What's an example of a subcategory whose closure under colimits takes a lot of steps to form by iteration?
An example where you need a proper class of steps is 6.38 in my book with Adámek. Concerning the last question, the answer is positive under Vopěnka's principle. The reason is that the colimit closure of $\mathcal S$ is locally presentable (see 6.28 and 6.29 in the same book) and thus it has a small dense subcategory. This argument works for $\mathcal S$ large as well.
Let me just give a community wiki exposition of the example 6.38 that Professor Rosický mentions from his book with Adámek, Locally Presentable and Accessible Categories, since although the book is quite clear, it doesn't quite reach the conclusion needed here, since the point of the example is slightly different.
Consider structures $X$ with partial unary operations indexed by the ordinals $\{\alpha_i\}_{i \in \mathrm{Ord}}$ such that the following condition is satisfied:
For every $j \in \mathrm{Ord}$ and $x \in X$, the value $\alpha_j(x)$ is defined if and only if for every $i<j$, $\alpha_i(x) = x$.
(So for each $x \in X$, there is an initial segment of the ordinals where $\alpha_i(x)$ is defined but just has $\alpha_i(x) = x$, and then at the top there is an ordinal $j$ where $\alpha_j(x)$ is defined but $\alpha_j(x) \neq x$; thereafter $\alpha_i(x)$ is not defined for bigger $i$ (actually there is an alternative which won't be relevant for the example: we could have $\alpha_i(x) = x$ for all $i \in \mathrm{Ord}$). The ordinal $j$ can vary with $x$.)

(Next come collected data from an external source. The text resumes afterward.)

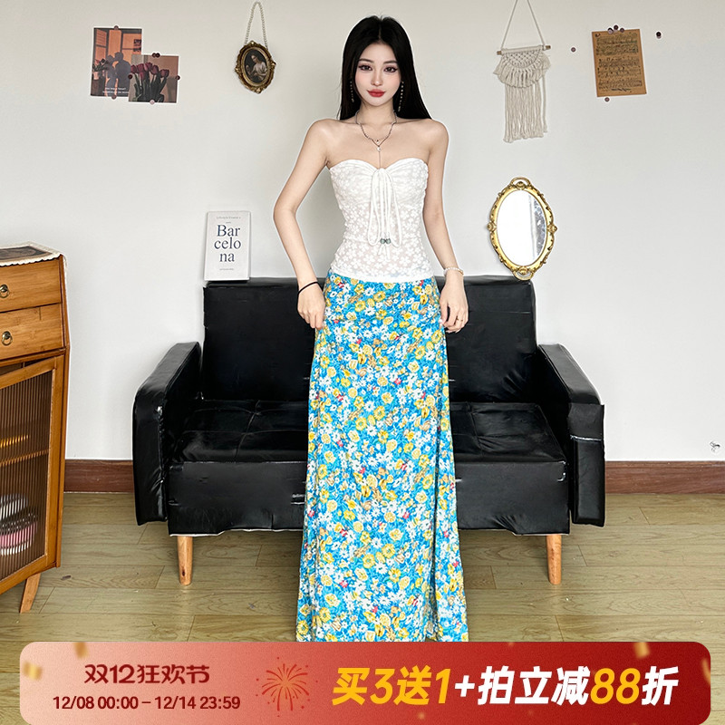Amyway【海边度假】纯欲辣妹系带抹胸露背无袖碎花半身裙两件套
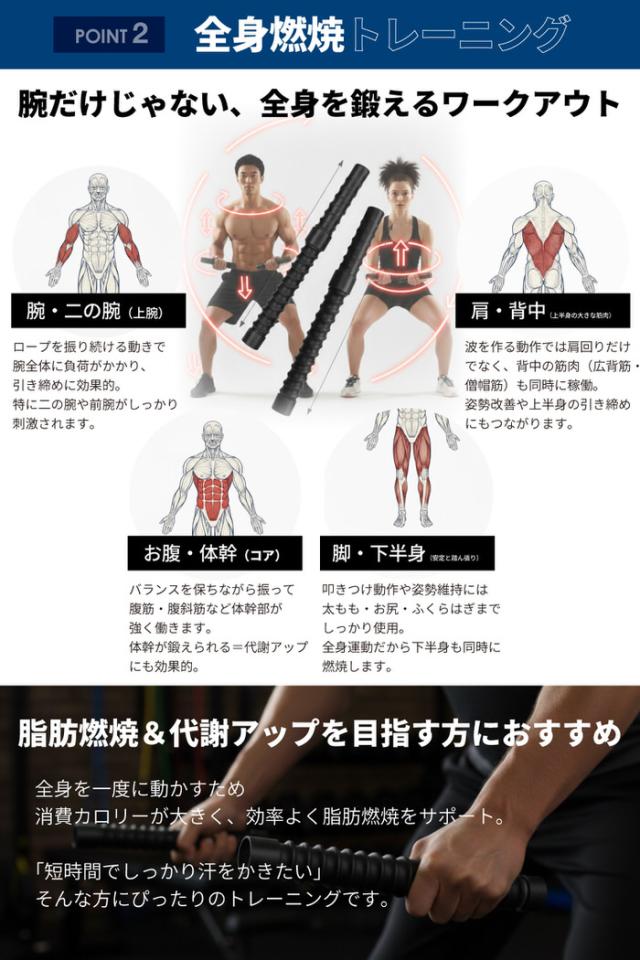 ロープを高速で動かし続けることで有酸素+無酸素運動の両方の効果が得られ、心拍数が上がりやすく、スタミナ強化につながります。
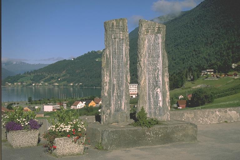Minnestein ved Loen kyrkje.
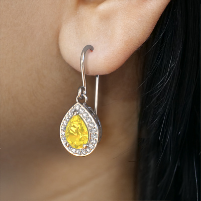 This is our set of trendy Beverlee 1 drop earrings. In this example the drop earrings are set with pear yellow sapphire. Each of our yellow sapphire gemstones is carefully selected and positioned in your drop earrings with great precision so light hits the yellow sapphire from every angle. We believe these drop platinum drop earrings look best set with coloured gemstones. But that is entirely up to you. Our goldsmiths passionately create your customized drop earrings to your liking with the utmost care. The platinum set drop earrings, as shown here, can be customized using our online tool. Feel free to ask our jewel designers for assistance if you want changes made which are unavailable in our online tool. We are happy to answer your questions.After receiving your order, our goldsmiths will passionately start the creative process of making your drop earrings in our own studio. Because we don't have a big stockpile, these costs will not be passed on to you. Our pricing is proof of that! We offer top quality jewels at lowest price, guaranteed.To make it easier for you, we offer a 30 day return policy. Check our terms and conditions.
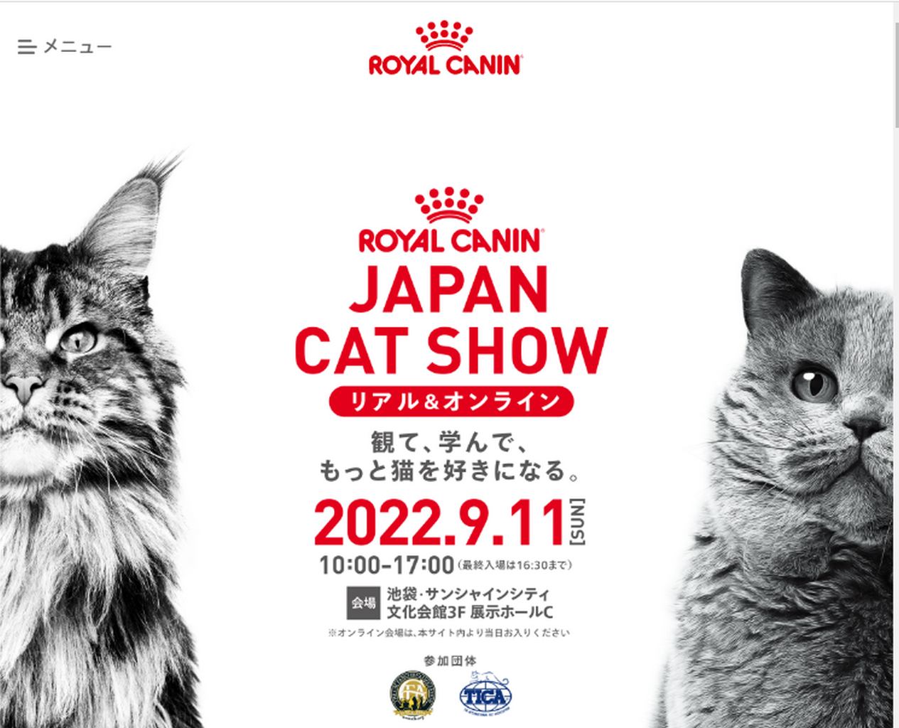 9月11日にサンシャインシティ展示ホールCで「JAPAN CAT SHOW」が開催される。日本最大級規模の猫の品評会イベント、猫の品種の基準、コンディション、美しさなどを審査する品評会。
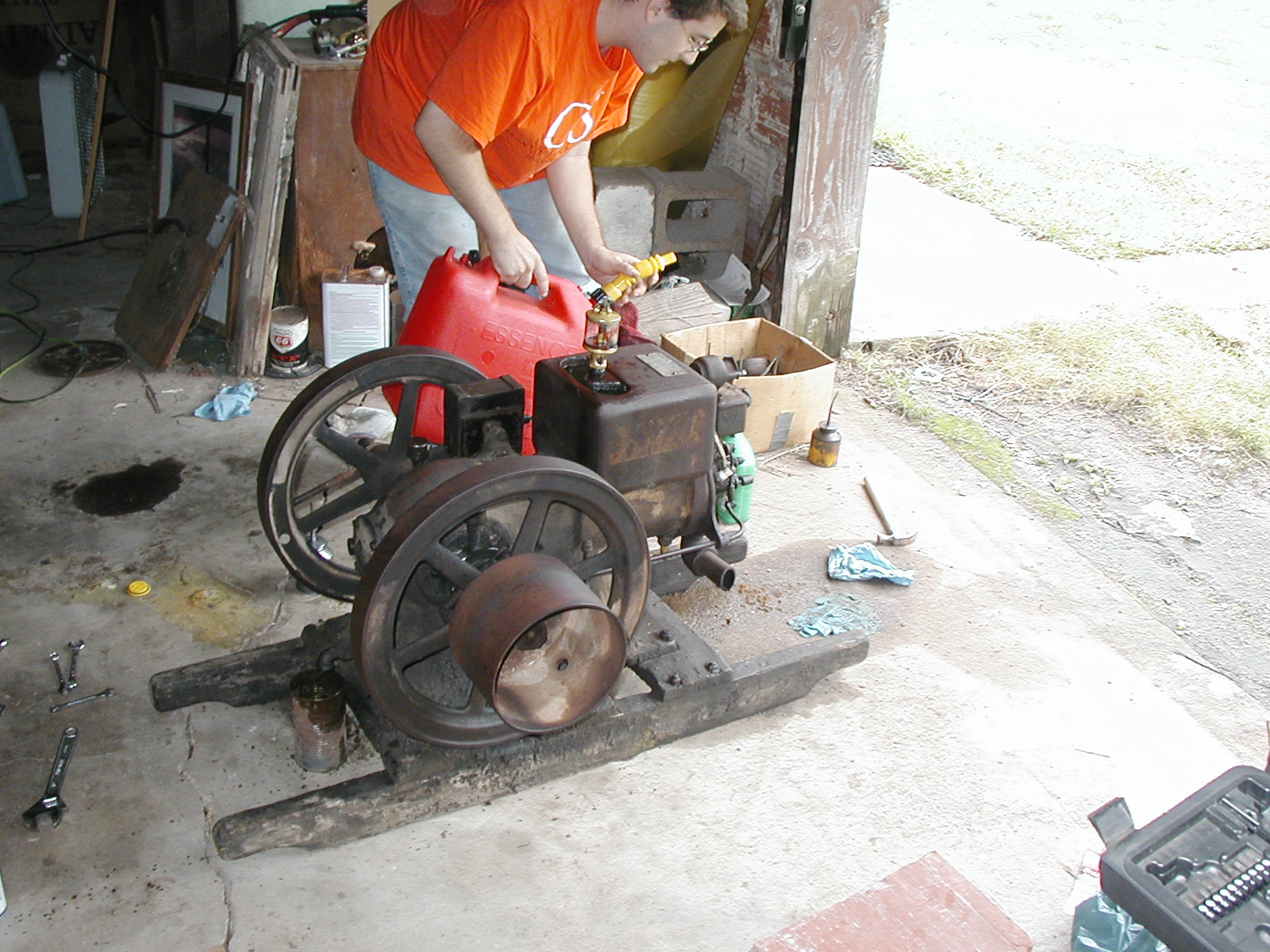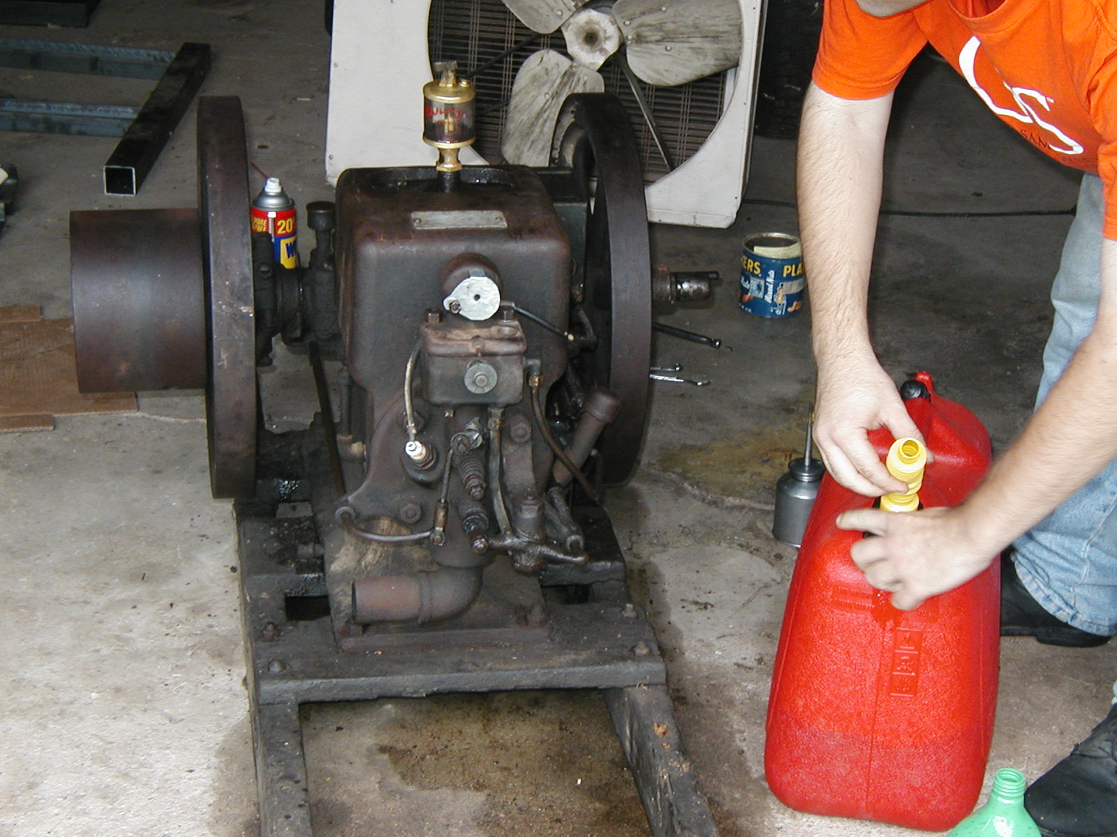 This photo is a little brighter. I am pouring gasoline into a small container so that I may prime the mixer.
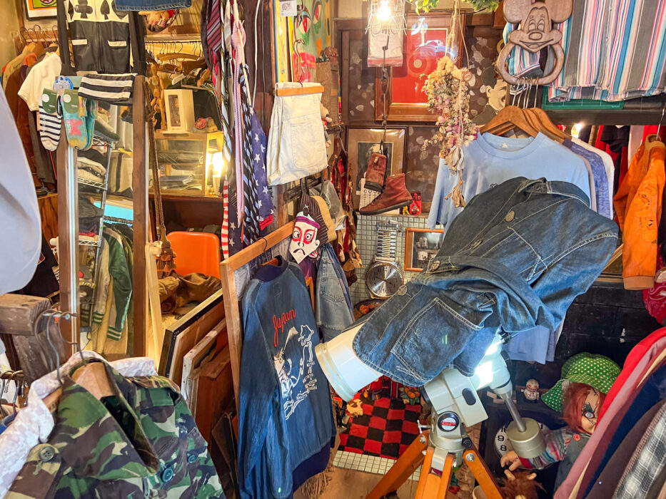 腹ごしらえにたこ焼きを注文し、焼いてもらっている時間で古着屋さんを楽しむということができ、待ち時間も苦になることはないでしょう。特に90年代の古着ブームを知っている世代の方からすれば、もしかすると当時買えなかったあの一品が見つかるかも? という期待も込みです。

We let $\mathcal{C}$ be the category of all such structures, and all homomorphisms (i.e. a homomorphism is a function $f: X \to Y$ such that if $x\in X$ and $\alpha_i(x)$ is defined, then $\alpha_i(f(x))$ is defined and $\alpha_i(f(x)) = f(\alpha_i(x))$). Then $\mathcal{C}$ is cocomplete. Coproducts are just disjoint unions. Coequalizers are a little bit tricky (but this is sort of the point). To form the coequalizer of $f,g : X \overset{\to}{\to} Y$, first take the coequalizer in $\mathsf{Set}$, defining the operations in the only possible way. Then we may need to add in more points, because it may be the case that $\alpha_i([y]) = [y]$ for all $i< j$, but nevertheless there is no $y \in [y]$ such that $\alpha_j(y)$ is defined. In this case, we simply freely add a point $[y]_0$ with $\alpha_j([y]) = [y]_0$. Then we need to throw in more points $([y]_n)_{n \in \mathbb{N}}$ with $\alpha_0([y]_n) = [y]_{n+1}$.
For $j \in \mathrm{Ord}$, let $\mathcal{C}_j \subset \mathcal{C}$ denote the subcategory where all operations $\alpha_i$ are undefined for $i \geq j$. The point which is implicit in the book is that if $F: \mathcal{D} \to \mathcal{C}_j$ is a diagram in $\mathcal{C}_j$, then $\mathrm{colim} F \in \mathcal{C}_{j+1}$. After all, $\mathrm{colim} F$ is a coequalizer of coproducts of objects of $\mathcal{C}_j$ -- the coproducts don't introduce any new operations, and we can explicitly analyze the construction of coequalizers to see that we at worst added operations of one index higher than the sup of those already appearing.
Now Adámek and Rosický take $\mathcal{S}$ to be a certain singleton category $\{A\} \subset \mathcal{C}_1$ (namely, $A$ has underlying set $\mathbb{N}$ with $\alpha_0$ the successor operation), and show that at each step, $\mathrm{colim}^\mathcal{C}_j(\mathcal{S})$ does indeed add a new object $A_j \in \mathcal{C}_{j+1}$ (the underlying set is still $\mathbb{N}$, with successor operation, but at $0 \in \mathbb{N}$ the successor is delayed until the $j$th operation). I think this is quite clearly explained in the book. (Although I think there is a slight error -- the initial step of the induction should simply point out that $A = A_0$. The coequalizer of the indicated diagram is actually $A_1$.)
I wish I could give a reference but in 1965 John Isbell claimed that the limit completion of the 2 element group (considered as a one object category) requires a proper class of steps, but I didn't understand his argument and I don't believe he ever published it.